WORK REQUEST:
Begin at the line below that holds "秋季新品弹力洗水棉辣妹风复古水蓝色修身显瘦百搭喇叭..." and end at the line that holds "۱- بعد از نصب", transcribing each line exactly and skipping any picture.

TASK INPUTS:
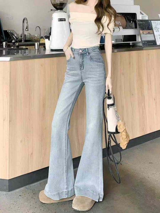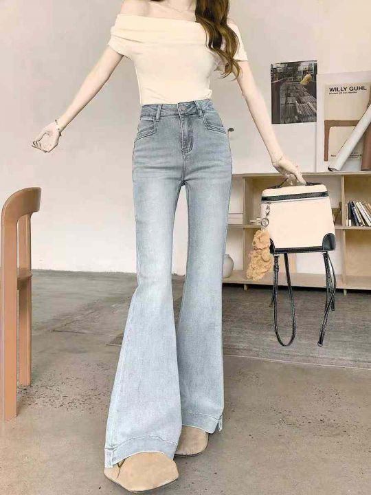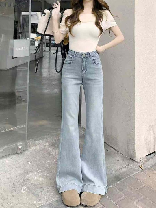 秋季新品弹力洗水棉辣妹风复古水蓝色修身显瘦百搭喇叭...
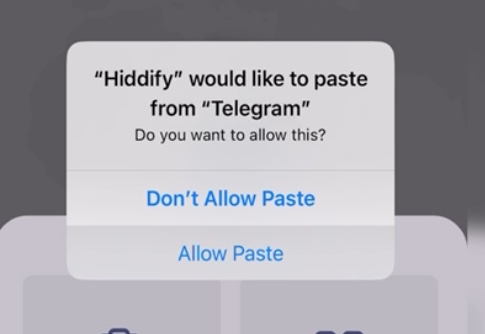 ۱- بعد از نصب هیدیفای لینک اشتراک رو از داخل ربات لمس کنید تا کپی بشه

--

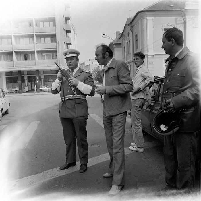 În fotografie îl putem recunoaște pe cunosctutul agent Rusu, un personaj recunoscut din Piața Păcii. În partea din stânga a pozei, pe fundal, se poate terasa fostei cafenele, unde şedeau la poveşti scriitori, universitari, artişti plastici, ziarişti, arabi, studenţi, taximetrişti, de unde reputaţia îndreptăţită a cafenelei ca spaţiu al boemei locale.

--

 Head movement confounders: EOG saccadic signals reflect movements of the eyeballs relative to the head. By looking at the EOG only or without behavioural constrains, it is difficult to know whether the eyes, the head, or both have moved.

RESPONSE AREA:
 秋季新品弹力洗水棉辣妹风复古水蓝色修身显瘦百搭喇叭...
 ۱- بعد از نصب هیدیفای لینک اشتراک رو از داخل ربات لمس کنید تا کپی بشه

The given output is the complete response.